Adding new ACME-renewable certificate

Your question

Hi,

I run Stalwart as a cluster but in two different locations.
My idea is to use mail2.mydomain for one node and mail3.mydomain for the other.

When configuring the first node, we choose the default hostname. Then ACME is configured and things work from there.

But is it possible to:

  • add a new hostname so that certificates for it are fetched, and
  • assign that hostname to a specific node in the cluster?

I might be getting this all wrong, but what I’m trying to create here is a geographic redundant Stalwart so that when an MX is down, the other node will take over.

Here is a clear breakdown of what the docs say for your scenario:


ACME certificates: yes, adding more hostnames is straightforward. Each hostname you want covered gets its own Domain record with certificateManagement set to the Automatic variant, pointing to your existing AcmeProvider. You can add mail2.yourdomain and mail3.yourdomain as separate Domain objects in the WebUI (Settings › TLS › ACME Providers / Domain settings) and each will get its own certificate issued and renewed automatically. A single AcmeProvider can back any number of Domain records.

Per-node hostname assignment: this is where the architecture differs from what you may expect. The docs are explicit that defaultHostname is a cluster-wide singleton – there is no per-node hostname override. Setting it once applies across all nodes. The recommended pattern for a load-balanced/failover cluster is that all nodes share the same public hostname (e.g. mail.mydomain) rather than exposing individual node hostnames (mail2, mail3) to clients.

For geographic redundancy via DNS MX failover, the standard approach is:

  • Publish two MX records for your domain with different priorities, both pointing to the same public name (or two different public names if you want them separate).
  • Each Stalwart node handles inbound mail independently; DNS TTL and MX priority handle failover at the DNS level.
  • Each node would need its own ACME-issued certificate for whatever hostname it advertises – which you can set up as separate Domain records.

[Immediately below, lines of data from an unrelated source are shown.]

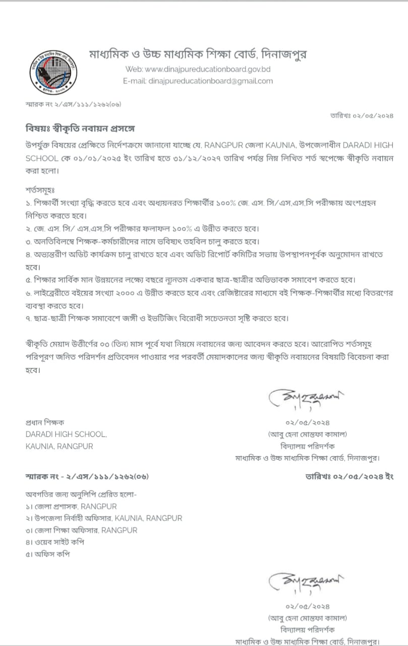 প্রতিষ্ঠানের স্বীকৃতি পত্র- ৩১/১২/২০২৭ পর্যন্ত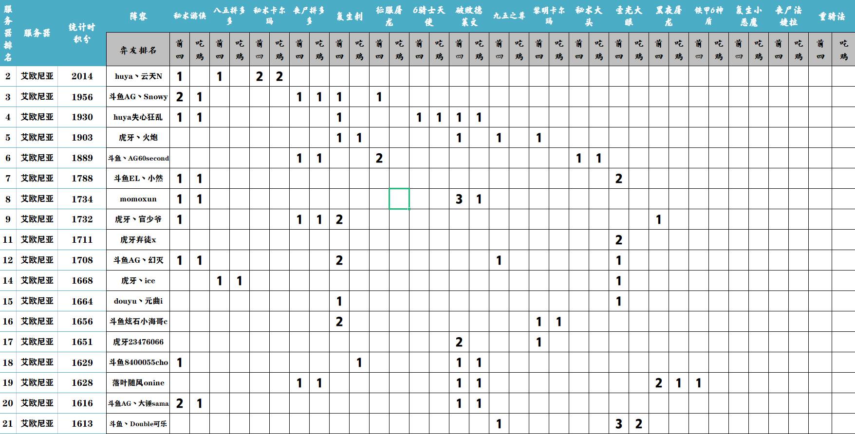 本次摩昂统计了11.12版本6月14日—6月20日统计时的艾欧尼亚服务器排名前30名玩家的最近5场排位赛(场次不够5场排位赛名次顺延),只统计进入前4名的对局。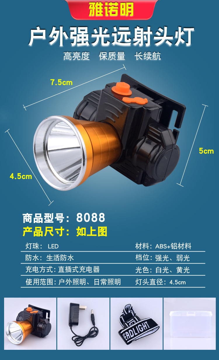 • 알루미늄 합금 헤드 50W 화이트 라이트 [충전기 + 전조등 스트랩 + 플라스틱 박스 보내기] 배터리 수명 6-7 시간

The key limitation to be aware of: if your two nodes are in the same Stalwart cluster (sharing a coordinator/data store), the defaultHostname singleton is shared. If they are independent Stalwart installations (not clustered, just with shared DNS MX records for redundancy), each has its own configuration and you can set different hostnames freely.

Relevant docs:

This is an automated reply from the Stalwart Help Bot. Other community members may follow up if this answer is incomplete or wrong.

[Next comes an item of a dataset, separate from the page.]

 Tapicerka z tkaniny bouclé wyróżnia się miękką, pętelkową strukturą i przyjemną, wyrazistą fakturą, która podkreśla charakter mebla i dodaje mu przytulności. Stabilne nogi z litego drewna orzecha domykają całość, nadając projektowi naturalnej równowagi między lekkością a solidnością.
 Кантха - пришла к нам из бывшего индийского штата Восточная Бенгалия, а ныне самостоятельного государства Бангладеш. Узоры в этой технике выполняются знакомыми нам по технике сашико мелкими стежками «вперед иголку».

Adding the new ACME-issued hostname is just adding it to a Domain
record (or subjectAlternativeNames of an existing one) with
certificateManagement.Automatic pointing at your existing AcmeProvider:
docs at Configuration | Stalwart.

There’s no per-node certificate binding in Stalwart. In a cluster
every node shares the data store, including ACME state and issued
certificates; any node can serve any hostname. The question of
“which node responds for mail2 vs mail3” is solved at DNS (each
hostname’s A/AAAA record points at the IP of one node), not in
Stalwart config.

Thanks @stalwart . I found it under domains. That’s great!
How can I trigger a certificate renewal then? Even after adding the subject alternative name, I guess I need to trigger the acme to request new ones, no?